"Segmentation" of eye-tracking data in Python (e.g. pandas)
A more general question from me this time. I typically used OpenSesame to present my stimuli whilst using the eye tracker (usually Tobii Glasses or, like this time, the SMI red-500). In my current experiment, I am sending string messages to the eye tracker at the start of each trial (numbered), at the onset of the stimulus of interest, and at its offset.*
One thing that I've never managed to do in the most efficient way possible is selecting all the data in the dataframe for each trial between (and including) the two messages. Then, I could simply run aggregate functions on each period of interest (e.g. total dwell time on an AOI) and merge it with the OS output fur further data processing.
I was thinking of using the
.loc function in Pandas. However, what I find the most tricky with something like Pandas compared to, say, Matlab, is iterating through the dataframe (I.e. "find the next instance and index it, then find the next instance and index it, then ... etc." instead of "find all and aggregate", if that explanation makes sense.

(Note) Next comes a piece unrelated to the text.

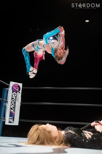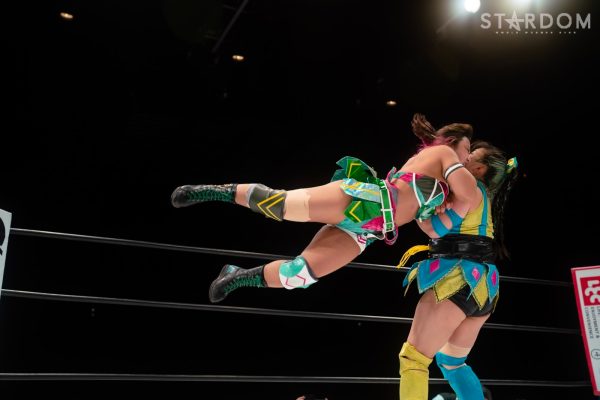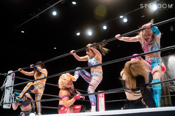 AZMと中野の先発でスタート。AZMがロープワークに誘い、その場でボディープレス。QQが乱入し連係で攻撃。中野が返すとなつぽいが入ってダブルのネックブリーカー。AZMが返すと、中野がネックロック。なつぽいがAZMの後方からドロップキック。AZMが返すとなつぽいはボディースラムで叩きつける。マライアがAZMを捕獲し白川と蹴りの連係、ドロップキックで挟み撃ち。マライアがAZMをキャッチし旋回式バックブリーカー。返したAZMがドロップキック。詩美がマライアにショルダータックル、乱入の中野をキャッチしバックフリップ、マライアと中野にまとめてラリアット。マライアが返すと、詩美は串刺しで突進。マライアがかわしてミサイルキック。白川がタッチを申し出るが詩美がマライアを捕獲しバックを取る。マライアがダブルアームスープレックスを決めて白川にタッチ。白川は詩美にコルバタ式河津落とし。詩美が返すと、白川がエルボー。DDT狙いを詩美が切り返しサイドスラム。上谷がスワンダイブで飛ぶと白川がかわす。かわし合いから白川が側転を入れてドロップキック。5分経過。白川がエルボーを打つと上谷もやり返す。エルボーの打ち合いから上谷の連打で白川がダウンもカウンターのローリングエルボー。上谷が返すと串刺しを狙うが白川がエプロンに出てエルボー、リバースDDT。上谷が返すと白川はグラマラスドライバーMINAの構え。上谷がこらえてAZMがハイキック、詩美もつづき、上谷がニールキック。白川が返すと、上谷がフィッシャーマンもコズエンがカット。上谷が白川を引き起こしスピンキック。白川がかわすが上谷がもう一度トライしてヒット。上谷に白川は「いかせるか!」と走らせずにエルボーを打ち込む。両者ダウンしパートナーにタッチ。なつぽいが天咲にドロップキック。低空ドロップキックを天咲がかわすと上谷がスワンダイブ式プランチャで場外へ飛ぶ。なつぽいが戻され詩美がボディースラム、AZMがダイビングフットスタンプ、詩美とAZMで挟み撃ちし天咲がDDT。なつぽいが返すと、天咲はヒザ十字、スイングDDT。10分経過。天咲がなつぽいに天聖を狙う。なつぽいがこらえると上谷を呼び込む。上谷と天咲がクローズラインも中野がボディーアタックでカット。白川が天咲にドロップキック、なつぽいがジャックナイフ式エビ固め。天咲が返すとなつぽいがバックを取る。メルティアがジャーマンで競演。なつぽいが天咲にフィニッシュを予告する。天咲がこらえるとなつぽいがトラースキック。天咲が返すと天橋立で丸め込む。中野がカットするとメルティアがトラースキックの挟み撃ち。なつぽいがフェアリアルギフトで舞い、3カウントが入った。

I am asking here first rather than on Stack Overflow, because this type of data is quite common in psych experiments. In short, just wondering if there's anyone who used Python to process similar data, and/or whether I am missing something obvious.
- PS @eduard, if you're reading along - According to your script, this function is not supported in SMI, but there is an easy solution. Remind me to commit to you Git.